The Quality of Mercy

There were those who thought that the new Constitution was a monumentally bad idea – it needed work. Alexander Hamilton and James Madison and John Jay didn’t – they liked it. They decided to promote the ratification of the new United States Constitution. They wrote about it. Each and every part of it was wonderful. This was a PR blitz. This was The Federalist: A Collection of Essays, Written in Favour of the New Constitution, as Agreed upon by the Federal Convention, September 17, 1787 – and it worked. The new Constitution was ratified on June 21, 1788 – and that was that.

Alexander Hamilton covered the contentious issue of pardoning power of the hypothetical new president in The Federalist Papers No. 74: The Command of the Military and Naval Forces, and the Pardoning Power of the Executive – originally published on Tuesday, March 25, 1788 – explaining that this provision was about sweet mercy:

Humanity and good policy conspire to dictate, that the benign prerogative of pardoning should be as little as possible fettered or embarrassed. The criminal code of every country partakes so much of necessary severity, that without an easy access to exceptions in favor of unfortunate guilt, justice would wear a countenance too sanguinary and cruel. As the sense of responsibility is always strongest, in proportion as it is undivided, it may be inferred that a single man would be most ready to attend to the force of those motives which might plead for a mitigation of the rigor of the law, and least apt to yield to considerations which were calculated to shelter a fit object of its vengeance. The reflection that the fate of a fellow-creature depended on his sole fiat would naturally inspire scrupulousness and caution; the dread of being accused of weakness or connivance, would beget equal circumspection, though of a different kind. On the other hand, as men generally derive confidence from their numbers, they might often encourage each other in an act of obduracy, and might be less sensible to the apprehension of suspicion or censure for an injudicious or affected clemency. On these accounts, one man appears to be a more eligible dispenser of the mercy of government, than a body of men.

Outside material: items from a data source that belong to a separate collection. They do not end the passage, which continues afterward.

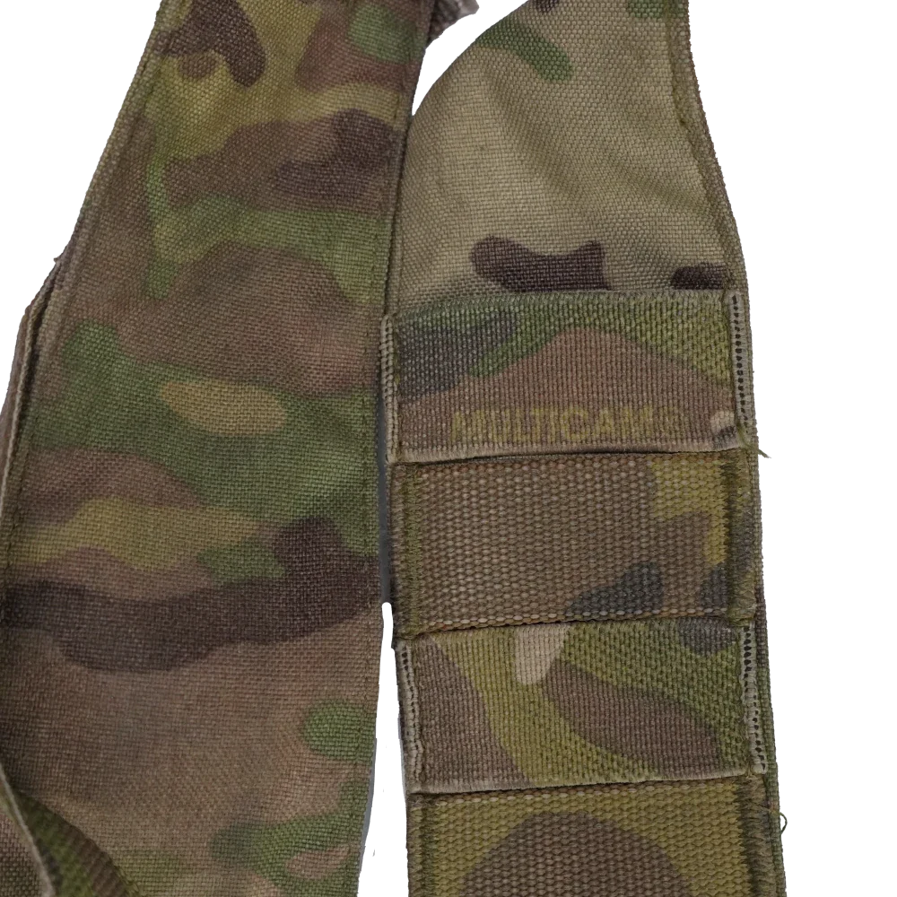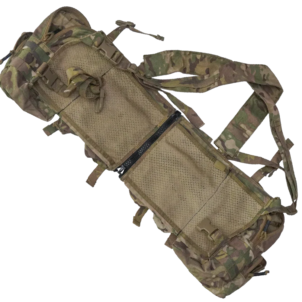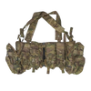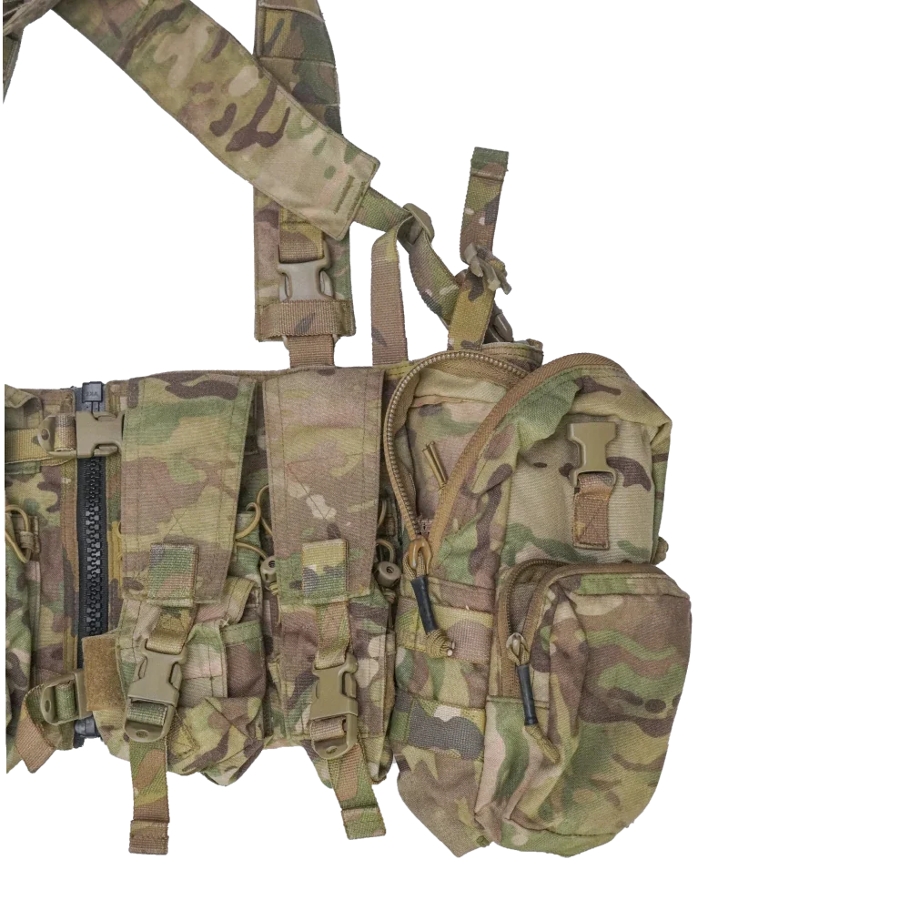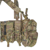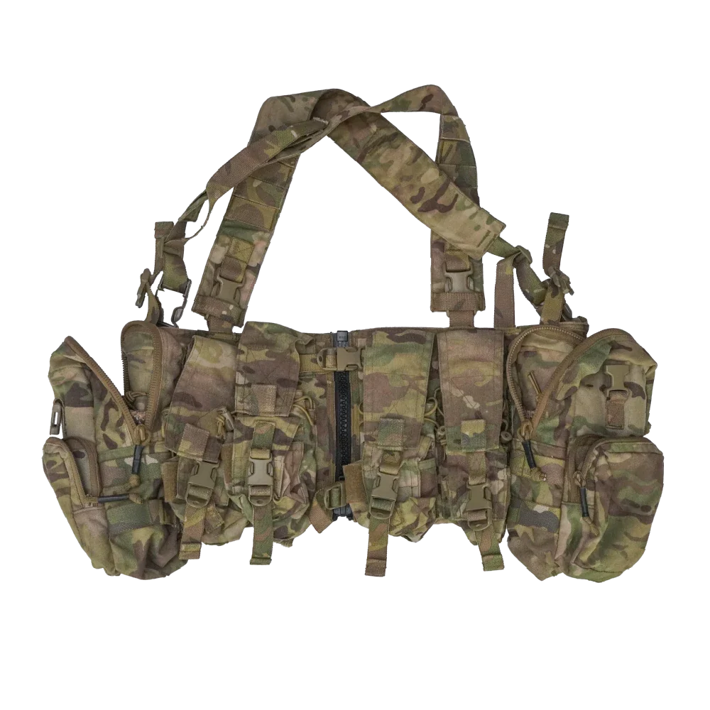Ex-NZDF Platatac CAF MOD chest rig in Multicam pattern. Features a fixed panel layout with multiple integrated pouches across the front, including flap-closure magazine-style pouches, zippered utility compartments, and side-mounted storage pouches. Constructed from heavy-duty fabric with reinforced stitching and webbing attachment points throughout.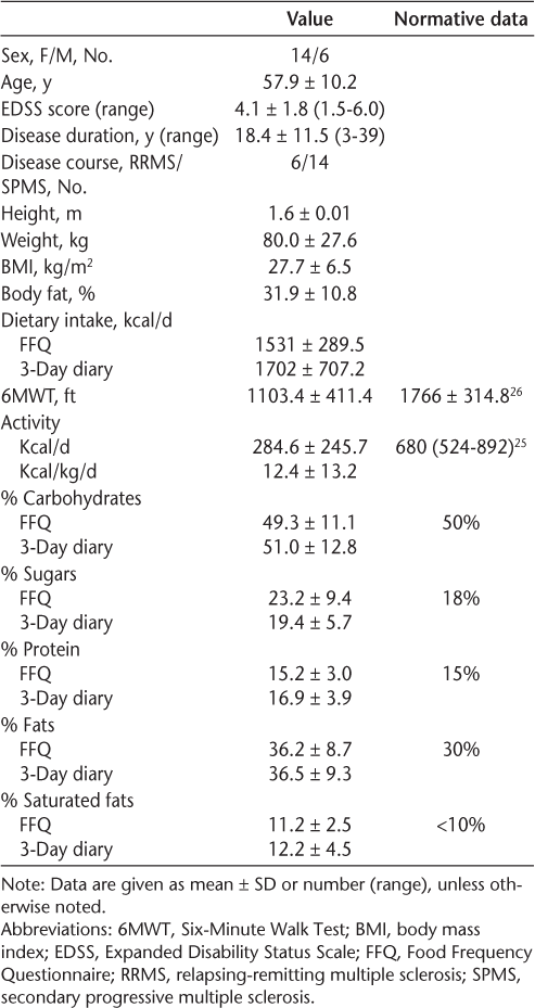 This cross-sectional pilot study included 20 ambulatory adult volunteers with MS (14 women and 6 men; mean ± SD age, 57.9 ± 10.2 years; mean ± SD Expanded Disability Status Scale score = 4.1 ± 1.8). Primary outcome variables included dietary assessment and the 6-Minute Walk Test (6MWT). Secondary measures included the Timed 25-Foot Walk test, Timed Up and Go test, daily activity, and three self-report questionnaires: the 12-item Multiple Sclerosis Walking Scale, the 36-item Short Form Health Survey (SF-36), and the Modified Fatigue Impact Scale.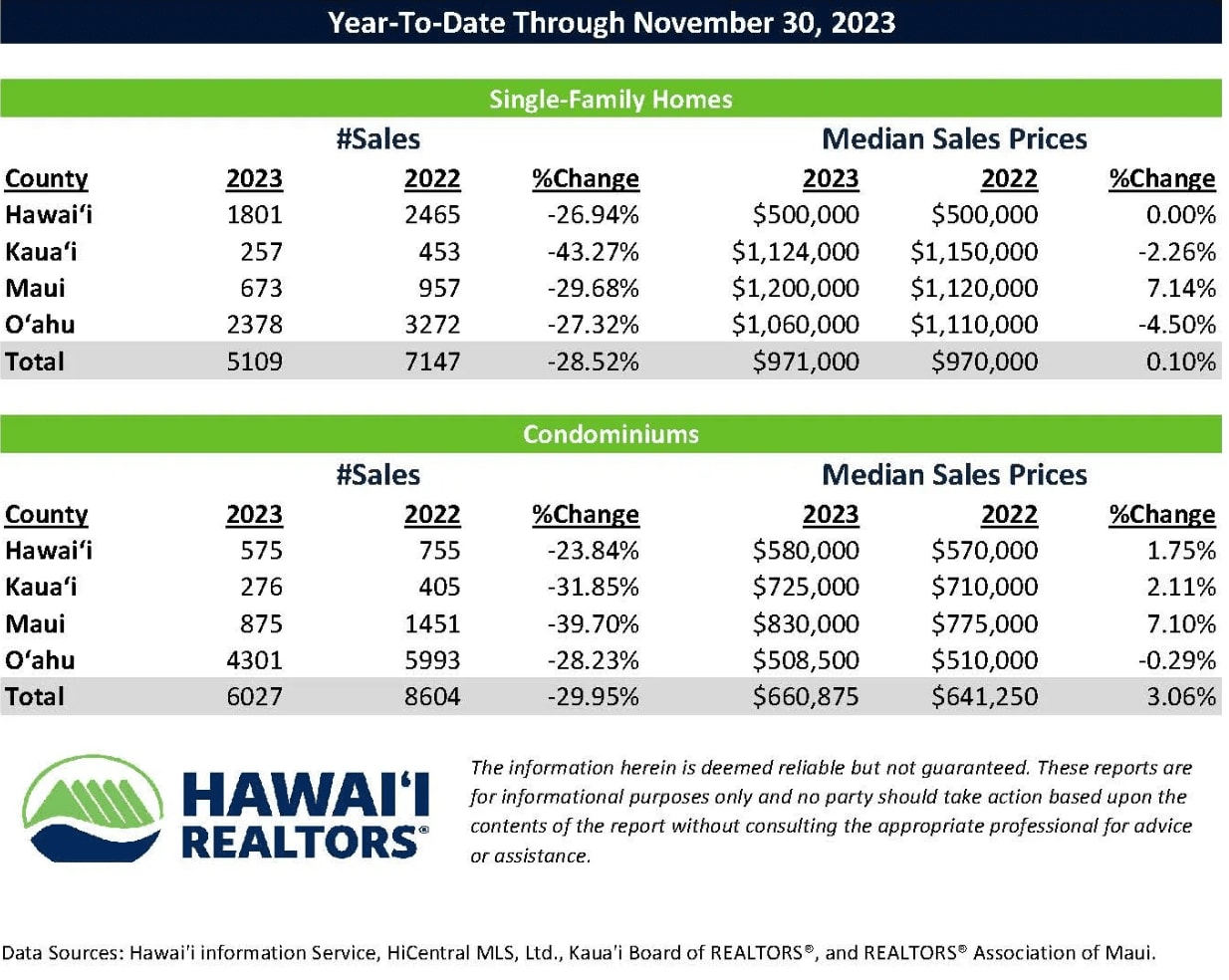 Oahu, Maui and Big Island Real Estate Year To Date 2023 vs 2022

In short, men, as a group, can be cruel and nasty. Juries can be mobs. One man, acting alone, can be more reasonable – unless he’s a calculating bastard, trying to shelter someone who should have been tossed in jail in the first place – a friend perhaps, or a political ally. Hamilton thought that was unlikely. That would never happen. A calculating bastard might also use the absolute pardoning power of the presidency to send a massage – the law doesn’t matter – or the law is whatever that calculating bastard says it is. Hamilton never imagined that. That couldn’t happen.

Hamilton was wrong. Hamilton never imagined Donald Trump:

President Trump granted a full pardon Thursday to conservative commentator Dinesh D’Souza and said he was strongly considering clemency for other celebrity felons, signaling his willingness to exercise his unilateral power to reward friends and allies while undercutting the work of his nemeses in law enforcement.

Trump said he was weighing commuting the prison sentence of former Illinois governor Rod Blagojevich (D) as well as granting a pardon to Martha Stewart, the television personality and lifestyle mogul, arguing that they and D’Souza had been unfairly treated by the justice system.

With Thursday’s announcements, Trump also delivered an indirect but unmistakable message to personal attorney Michael Cohen, former national security adviser Michael Flynn and others ensnared in Trump-related investigations that they, too, could be spared punishment in the future.

The message was clear enough:

D’Souza, Blagojevich and Stewart had been convicted of such crimes as campaign-finance violations or lying to investigators – charges similar to those brought against Flynn, former Trump campaign manager Paul Manafort and other Trump associates indicted in special counsel Robert S. Mueller III’s Russia investigation. Cohen, meanwhile, is under investigation by federal prosecutors in New York for possible campaign-finance violations and other possible crimes.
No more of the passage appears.